Absurd but — the EU’s General Data Protection Regulation is pretty clear. Anyone located anywhere which uses, controls, solicits or possesses personal data of any EU person can be sued anywhere if they fail to protect that data from unauthorized disclosure or to provide an ability to strip personal information from the underlying data.
Simple example: US company Seller Co posts to the world wide web an offer to sell a widget for $10 plus shipping. A potential customer emails in response and asks if the widget comes in the color red. Or a potential customer emails an order for the widget. If that customer is located in any EU country, you the advertiser must have a conforming data protection system or you can be sued here in the US even if no actual misuse of the data occurs.

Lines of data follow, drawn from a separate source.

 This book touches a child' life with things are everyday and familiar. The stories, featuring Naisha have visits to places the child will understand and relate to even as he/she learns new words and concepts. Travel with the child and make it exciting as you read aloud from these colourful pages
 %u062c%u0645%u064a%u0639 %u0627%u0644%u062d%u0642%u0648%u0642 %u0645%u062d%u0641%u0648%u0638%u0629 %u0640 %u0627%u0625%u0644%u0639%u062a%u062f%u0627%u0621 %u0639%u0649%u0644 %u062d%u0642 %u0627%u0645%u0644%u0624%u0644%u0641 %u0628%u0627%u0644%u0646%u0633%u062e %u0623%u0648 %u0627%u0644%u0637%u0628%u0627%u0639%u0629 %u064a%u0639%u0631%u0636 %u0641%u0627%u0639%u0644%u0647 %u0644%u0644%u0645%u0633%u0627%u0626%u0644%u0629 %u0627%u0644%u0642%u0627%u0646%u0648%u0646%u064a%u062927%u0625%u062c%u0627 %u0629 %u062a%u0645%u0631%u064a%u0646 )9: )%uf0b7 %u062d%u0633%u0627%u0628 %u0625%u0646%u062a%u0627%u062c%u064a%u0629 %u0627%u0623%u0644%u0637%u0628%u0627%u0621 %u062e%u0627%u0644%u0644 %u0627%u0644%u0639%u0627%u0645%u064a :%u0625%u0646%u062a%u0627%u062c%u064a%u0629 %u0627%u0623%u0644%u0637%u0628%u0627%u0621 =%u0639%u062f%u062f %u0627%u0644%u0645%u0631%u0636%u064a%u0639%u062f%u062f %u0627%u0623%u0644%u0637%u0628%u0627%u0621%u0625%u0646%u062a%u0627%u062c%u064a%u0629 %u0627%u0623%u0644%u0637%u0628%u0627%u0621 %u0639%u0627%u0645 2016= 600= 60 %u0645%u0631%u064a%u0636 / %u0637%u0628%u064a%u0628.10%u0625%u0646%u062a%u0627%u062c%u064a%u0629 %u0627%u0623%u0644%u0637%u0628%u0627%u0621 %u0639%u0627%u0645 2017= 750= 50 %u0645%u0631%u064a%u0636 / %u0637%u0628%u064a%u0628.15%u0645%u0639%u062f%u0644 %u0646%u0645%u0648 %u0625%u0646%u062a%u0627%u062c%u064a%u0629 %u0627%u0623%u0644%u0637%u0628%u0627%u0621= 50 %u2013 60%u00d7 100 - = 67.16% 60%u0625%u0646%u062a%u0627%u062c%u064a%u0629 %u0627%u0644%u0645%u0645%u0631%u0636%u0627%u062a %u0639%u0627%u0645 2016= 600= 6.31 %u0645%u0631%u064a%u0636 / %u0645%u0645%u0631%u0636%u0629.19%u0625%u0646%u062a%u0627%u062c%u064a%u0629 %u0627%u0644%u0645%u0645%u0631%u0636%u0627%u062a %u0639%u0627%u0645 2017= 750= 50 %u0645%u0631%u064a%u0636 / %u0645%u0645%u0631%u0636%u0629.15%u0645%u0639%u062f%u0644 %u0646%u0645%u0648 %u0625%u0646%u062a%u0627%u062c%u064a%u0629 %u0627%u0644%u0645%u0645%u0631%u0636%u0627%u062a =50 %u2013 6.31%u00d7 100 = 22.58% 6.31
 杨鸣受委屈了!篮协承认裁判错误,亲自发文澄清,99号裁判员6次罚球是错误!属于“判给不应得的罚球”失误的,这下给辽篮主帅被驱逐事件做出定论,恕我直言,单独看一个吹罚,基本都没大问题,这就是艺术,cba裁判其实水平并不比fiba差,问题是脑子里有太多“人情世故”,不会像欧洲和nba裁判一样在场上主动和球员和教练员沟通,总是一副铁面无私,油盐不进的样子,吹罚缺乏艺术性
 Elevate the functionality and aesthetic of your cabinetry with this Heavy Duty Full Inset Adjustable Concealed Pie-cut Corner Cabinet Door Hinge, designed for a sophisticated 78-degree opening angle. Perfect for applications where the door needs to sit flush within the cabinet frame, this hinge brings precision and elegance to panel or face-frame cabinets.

The details of how this works are beyond the scope of this blog post, but note the general view that e-commerce companies and travel sites are covered, as they solicit personal data such as names, email addresses, or charge card information. How can you prevent liability under the Regulation?
Hire a firm that will make sure that your e-commerce systems comply with EU Regulations.

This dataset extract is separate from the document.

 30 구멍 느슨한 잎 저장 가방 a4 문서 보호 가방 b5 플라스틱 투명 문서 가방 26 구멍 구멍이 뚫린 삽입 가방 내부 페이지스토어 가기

If you do not provide a compliant system, your e-commerce site might state that no orders will be filled from EU countries. Some websites are blocking addresses originating from the EU. It seems that even if you state on your website that you will not accept EU business, if someone in the EU sends a reply that has personal information in violation of your warning and you actually look at that information (as you will, just by looking at the email address to see if it comes from the EU), then I am told that you have processed that information and are subject to the Regulation. Erasing the data and not entering into a transaction seems not to protect you.
Now this seems illogical; we have no US cases yet; the Regulation is not even in effect for another couple of months. Although the EU can declare and has declared unilaterally that they have authority over e-commerce companies located anywhere which simply post on the web, what a US court would do with an EU suit absent an express treaty promising enforcement is something for future lawyers to fight about. Larger, on-line companies are all over this issue but for the small e-commerce business this is a “gotcha.”
Europeans have always been more concerned about data breaches by businesses; Americans are more sensitive to data incursions by governments. But regardless of your sensitivity, the Regulation seems a massive over-reach.